Se grupos ou profissionais experientes ajudassem esses docentes iniciantes e ainda em formação a lidarem com suas dificuldades, possibilitando reflexões, compartilhamentos de experiências, pesquisas, discussões, entre outros, promovendo seu desenvolvimento profissional e fazendo com que eles possam criar um repertório de conhecimentos que constituam seu saber da experiência, talvez muitos aspectos sejam novamente delineados, principalmente a evasão do curso e a desistência de professores pela educação básica. Garcia (1999) reforça esse pensamento quando fornece um conceito de formação que leva a fazer uma relação com esse saber da experiência. O autor coloca que é pelo meio da formação entre professores, denominada como interformação, que se pode efetivar o aprendizado com vistas a favorecer a procura de metas de aperfeiçoamento pessoal e profissional. Além do mais, esses grupos permitiriam validar o que Gauthier (1998) denomina de saber da ação pedagógica, que se refere ao saber da experiência dos professores quando se torna público e verificado por pesquisas realizadas em sala de aula.

Além dessas dificuldades relatadas pelos docentes que puderam ser associadas à literatura, algumas como o conhecimento dos alunos, a questão de saber lidar com os mesmos e a dimensão social da educação, que inclui as diversidades encontradas na sala aula e a inclusão, são aspectos que precisam ser mais bem explorados pela literatura. Os docentes estão requerendo um saber que os possibilite lidar com fatos extracurriculares, como as experiências relatadas por André e Juca, referentes às brigas e ao aborto, bem como a

necessidade relatada pela docente Flávia, que enfatiza ser imprescindível o apoio de um psicólogo em diversas situações enfrentadas.

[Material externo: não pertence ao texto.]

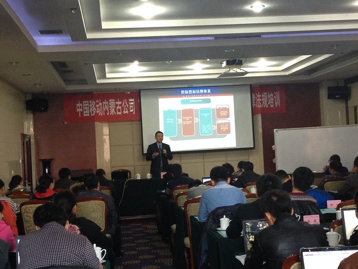 2013年11月20日,经北洋咨询集团安排,刘营律师为中国移动通信集团公司内蒙古公司提供了“招标投标法律实务与风险防范”主题培训。培训深入浅出、生动有趣的阐述了招标投标实务操作中的方法、技巧,以及招标人需要予以关注的大量潜在风险点,针对一些潜在风险问题,刘营律师结合自身实践经验,提出了一些切实可行的防范措施,供公司参考备用。培训活动结束前,刘营律师还就大家关心的疑难问题进行详细讲解,得到公司领导及参会人员的一致好评。公司领导表示,将推荐刘营律师到公司系统更高层级的培训课堂讲授招标投标实务课程,对于实践工作中的疑难问题,还会继续请教刘营律师,刘营律师对公司领导的认可表示感谢,承诺将尽己所能为公司发展提供法律支持和帮助。

Depois de analisar as dificuldades encontradas pelos docentes em início de carreira e o que consideram importante saber para ser um professor, é possível fazer um paralelo com a formação inicial. Garcia (1999) cita princípios que devem orientar uma formação docente. Quando esses princípios utilizados por ele são analisados, é possível visualizar os saberes elencados como necessários para os professores entrevistados, o que expande um pouco mais os saberes desenvolvidos por outros pesquisadores. O autor em questão desenvolve esses conceitos em oito princípios: conceber a formação como um contínuo, integrar a formação de professores ao processo de mudanças, ligar seus processos ao desenvolvimento organizacional da escola, integrar os conteúdos acadêmicos e pedagógicos, integrar teoria e prática, procurar o isomorfismo entre a formação recebida e a educação que posteriormente será pedido que ele desenvolva, lidar com individualização e formar para a indagação e reflexão.

Após essa aproximação da prática escolar dos professores iniciantes, em que foi possível destacar as dificuldades encontradas por eles, suas necessidades de apoio e principalmente o que consideram necessário ao professor saber para o exercício de sua profissão, e diante dessa definição de formação de Garcia (1999), que nos orienta com princípios básicos da formação docente, será feita uma análise do curso de licenciatura que os formaram. No capítulo seguinte os docentes produzirão significados sobre o curso de licenciatura que os formaram, identificando os limites e as contribuições do curso de licenciatura em matemática da UFV para formação, constituição dos saberes e atuação na docência.